> _Dataset items_:
BEGIN

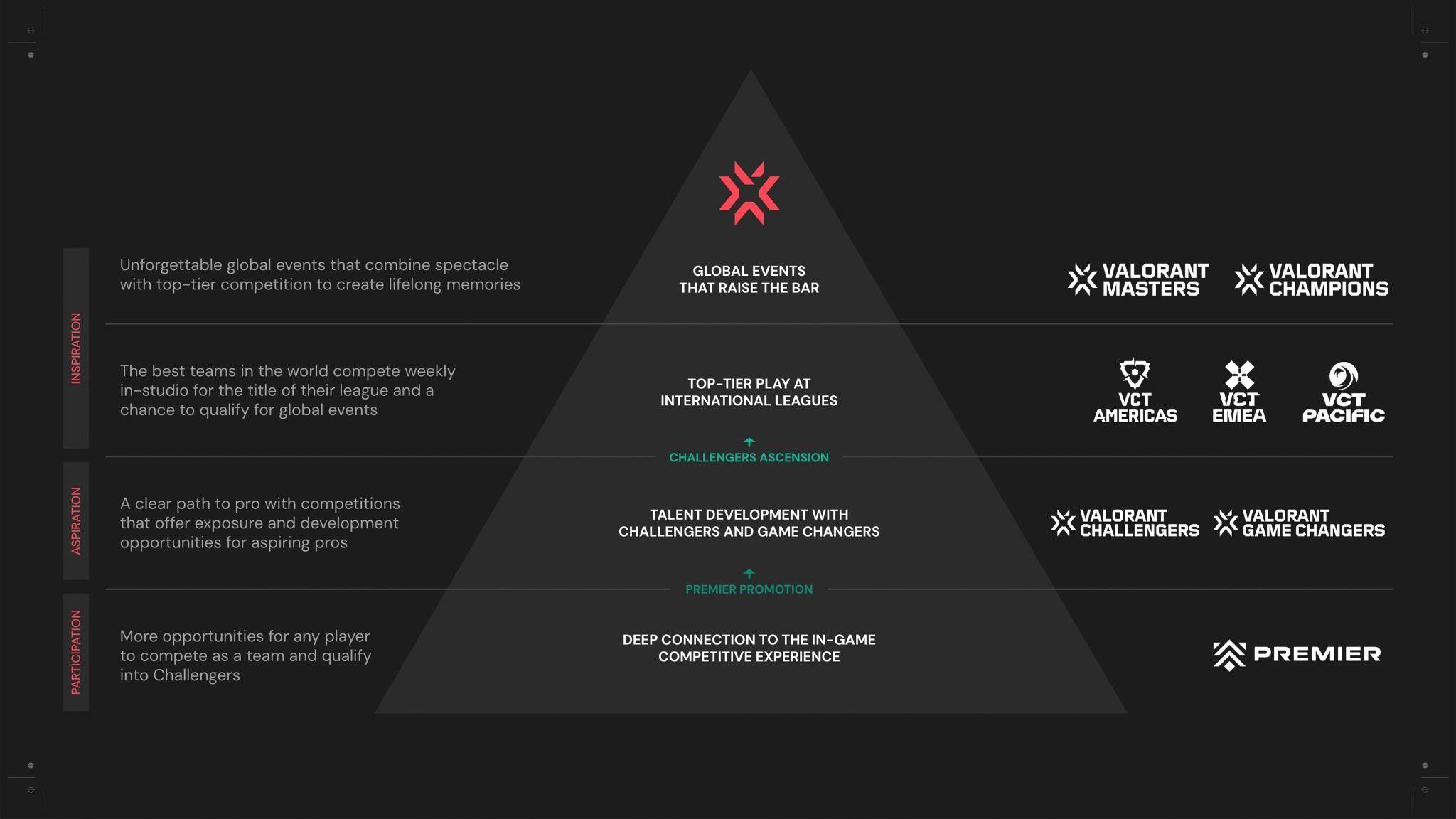 We aspire to build a sport that, among other things, is the ultimate manifestation of competitive VALORANT. The place to go to watch, learn from, and get inspired by the best VALORANT players on the planet. The sport should be accessible, welcoming of anyone who wants to participate, and have a clear path to pro.
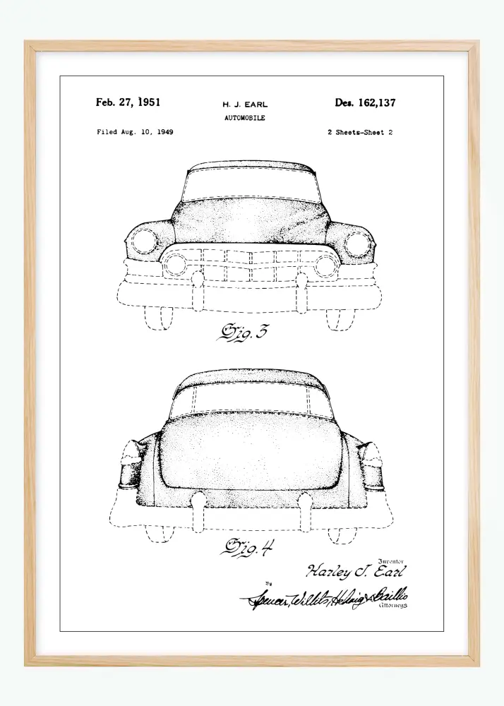 Ez a stílusos szabadalomposzter egy ikonikus Cadillacet ábrázol, tisztelgés a 20. századi járműtechnikai fejlődés előtt. A H.J. Earl által tervezett és 1951. február 27-én Des. 162,137 szám alatt szabadalmaztatott rajz elengedhetetlen mindazok számára, akik értékelik a klasszikus autó esztétikáját és dizájn történetét. A poszter az autót profilból, elölről és hátulról mutatja, az illusztrációk részletgazdagsága nosztalgiát és csodálatot vált ki.
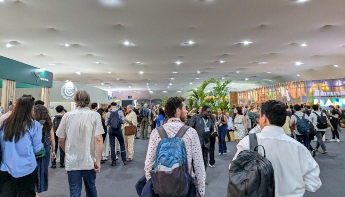 日中の気温が30℃を超え湿度も非常に高いアマゾンの熱帯雨林気候の中、会議がはじまった。11月はブラジルで最も暑くなる月であり、朝晩はマラリアやジカ熱を媒介する蚊に注意を払い、急なスコール対策も欠かせない。このような気候であることから、服装については「スマートカジュアル」が推奨され、会場は比較的ラフな服装で参加している人も多く見受けられる。
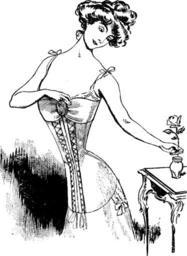 Keywords: LeMYSTEREa hanches fuyantesBREVETE.png fr Hez la Reine du Corset Mne G Guillot Femina; page XIII 1906; 15 Octobre; Anonymous PD Chez la Reine du Corset MME G GUILLOT 10 Rue de la Paix 10 Ses nouveaux Corsets cambres devant de cote et dans le dos son Corset Gaine-Combinaison brevetés déposés sont de haute actualité; ils n'en restent pas moins éminemment hygiéniques Tous ils ont pour effet surprenant et en cela le talent de la créatrice se révèle sous un jour nouveau de procurer un amincissement immédiat qui se traduit au bout de cinq a six mois par une différence de 6 a 8 centimètres a la taille et davantage aux hanches Le MYSTÈRE a hanches fuyantes BREVETÉ Le MYSTÈRE a hanches rondes BREVETÉ Les personnes de santé délicate mais soucieuses d'élégance et désirant s'amincire doivent porter le Mystère a hanches fuyantes ou arrondies La réputation universelle du célèbre corset se maintient en effet inébranlable Prenant chaque saison des lignes nouvelles que la Mode impose il n'en reste pas moins et de plus en plus celui que prônent nos plus grands docteurs N'est-il pas en outre le plus pratique puisqu'il evite le port désagréable et si disgracieux de la ceinture médicale PD-old Line art of women in straight fronted corsets Fashion in 1906 Women's underwear Femina French magazine |
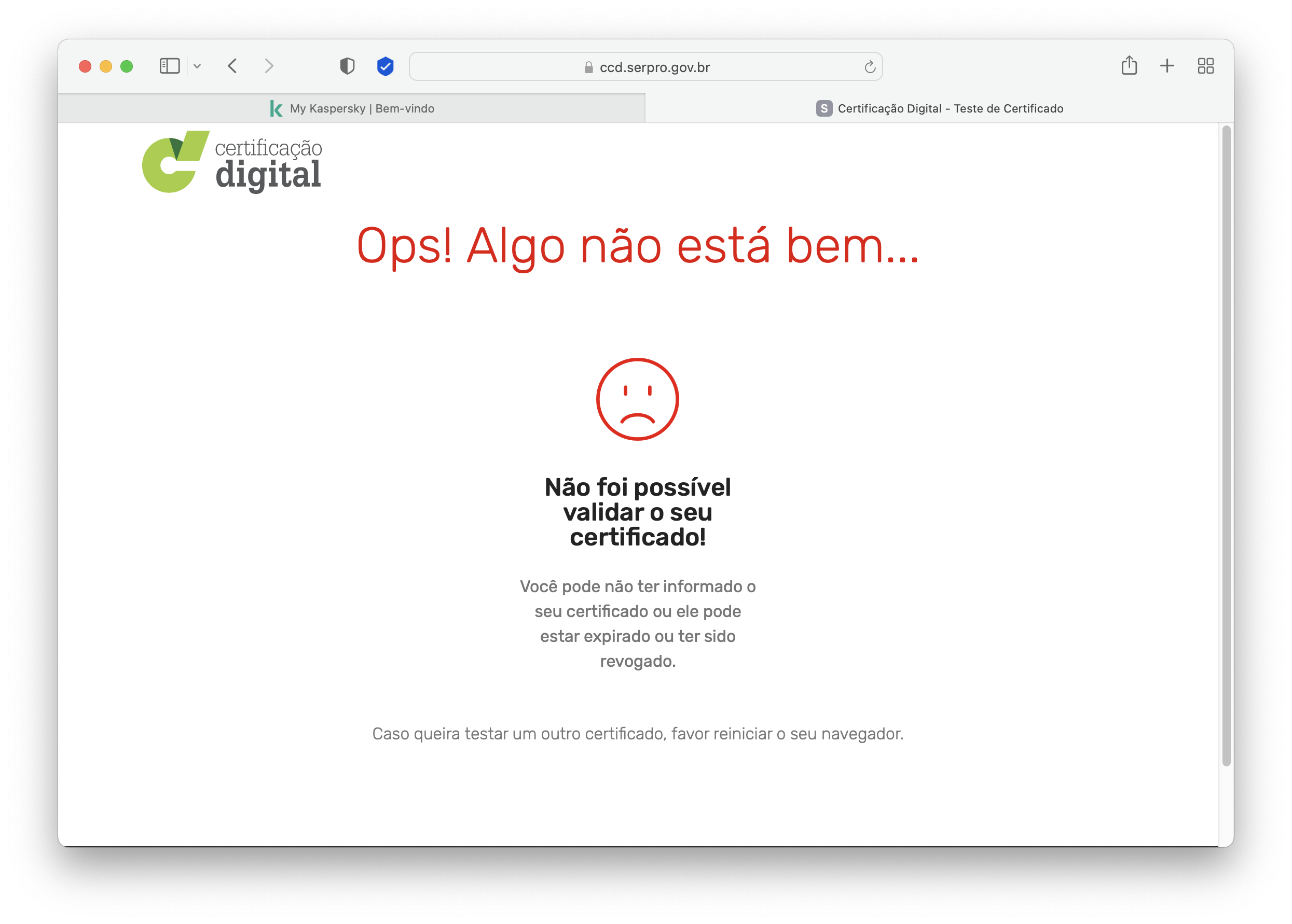 Certificado digital NeoID do Serpro não passa no teste depois de instalado no MacOS
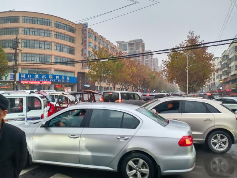 11月17日7時(shí)30分許,天空下起了小雨,在這樣的天氣里,開車出行的市民多了起來,記者在周口中心城區(qū)建安路與育新路交叉口附近看到,過往車輛把這里堵了起來,車輛前行緩慢。③7
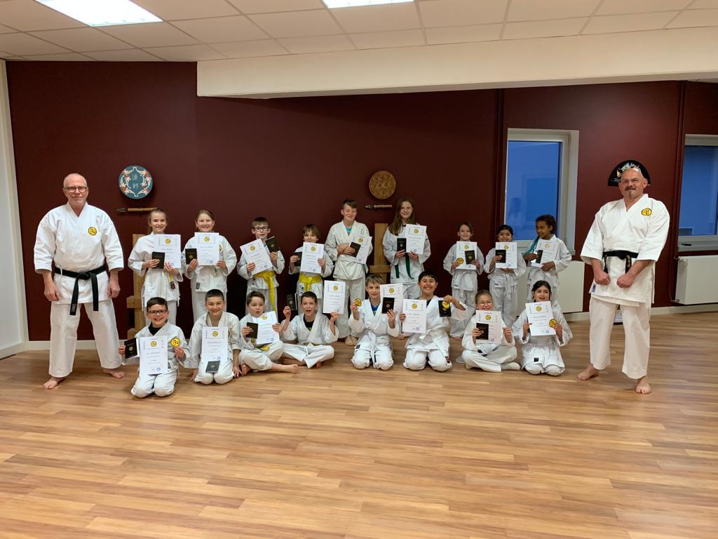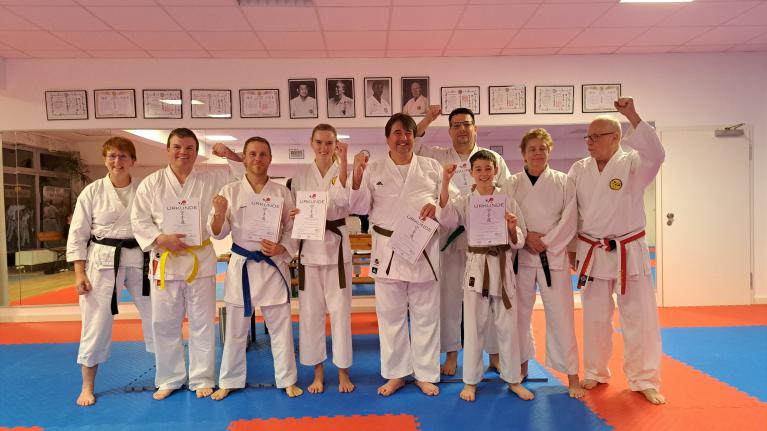 Sowohl die Kinder als auch die Erwachsenen waren gut vorbereitet und gaben hochkonzentriert ihr Bestes. Und so war die Freude und Erleichterung groß, als Sensei Jürgen Fischer die Ergebnisse verkündete. Fast alle hatten die Prüfung bestanden und durften mit viel Lob, wohlwollenden Hinweisen, neuen DKV-Urkunden und einem neuen Gürtel stolz und glücklich den Heimweg antreten.
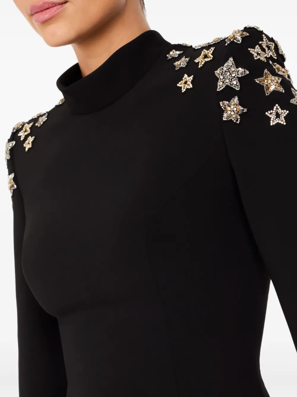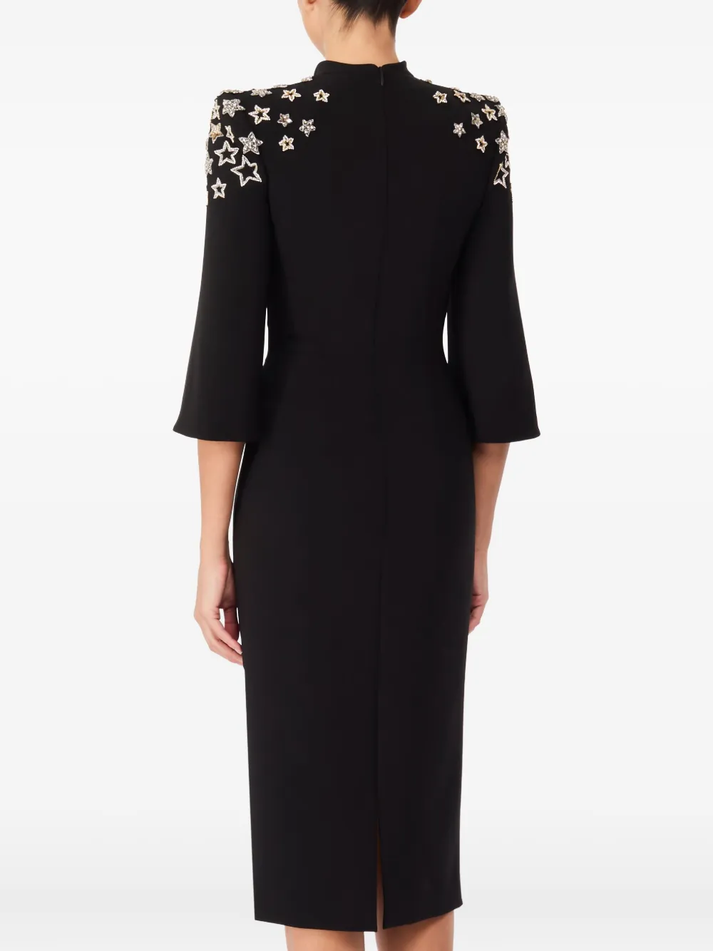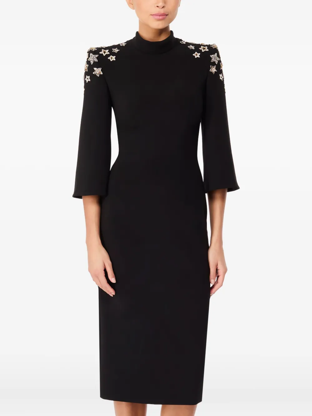 Декорированное платье миди с высоким воротником Jenny Packham, черный

END

> _Task objective_: Repeat verbatim the lines between the start of the data and the line containing "Keywords: LeMYSTEREa hanches", both ends included, omitting all pictures.

> _Solution to this task_:
 We aspire to build a sport that, among other things, is the ultimate manifestation of competitive VALORANT. The place to go to watch, learn from, and get inspired by the best VALORANT players on the planet. The sport should be accessible, welcoming of anyone who wants to participate, and have a clear path to pro.
 Ez a stílusos szabadalomposzter egy ikonikus Cadillacet ábrázol, tisztelgés a 20. századi járműtechnikai fejlődés előtt. A H.J. Earl által tervezett és 1951. február 27-én Des. 162,137 szám alatt szabadalmaztatott rajz elengedhetetlen mindazok számára, akik értékelik a klasszikus autó esztétikáját és dizájn történetét. A poszter az autót profilból, elölről és hátulról mutatja, az illusztrációk részletgazdagsága nosztalgiát és csodálatot vált ki.
 日中の気温が30℃を超え湿度も非常に高いアマゾンの熱帯雨林気候の中、会議がはじまった。11月はブラジルで最も暑くなる月であり、朝晩はマラリアやジカ熱を媒介する蚊に注意を払い、急なスコール対策も欠かせない。このような気候であることから、服装については「スマートカジュアル」が推奨され、会場は比較的ラフな服装で参加している人も多く見受けられる。
 Keywords: LeMYSTEREa hanches fuyantesBREVETE.png fr Hez la Reine du Corset Mne G Guillot Femina; page XIII 1906; 15 Octobre; Anonymous PD Chez la Reine du Corset MME G GUILLOT 10 Rue de la Paix 10 Ses nouveaux Corsets cambres devant de cote et dans le dos son Corset Gaine-Combinaison brevetés déposés sont de haute actualité; ils n'en restent pas moins éminemment hygiéniques Tous ils ont pour effet surprenant et en cela le talent de la créatrice se révèle sous un jour nouveau de procurer un amincissement immédiat qui se traduit au bout de cinq a six mois par une différence de 6 a 8 centimètres a la taille et davantage aux hanches Le MYSTÈRE a hanches fuyantes BREVETÉ Le MYSTÈRE a hanches rondes BREVETÉ Les personnes de santé délicate mais soucieuses d'élégance et désirant s'amincire doivent porter le Mystère a hanches fuyantes ou arrondies La réputation universelle du célèbre corset se maintient en effet inébranlable Prenant chaque saison des lignes nouvelles que la Mode impose il n'en reste pas moins et de plus en plus celui que prônent nos plus grands docteurs N'est-il pas en outre le plus pratique puisqu'il evite le port désagréable et si disgracieux de la ceinture médicale PD-old Line art of women in straight fronted corsets Fashion in 1906 Women's underwear Femina French magazine |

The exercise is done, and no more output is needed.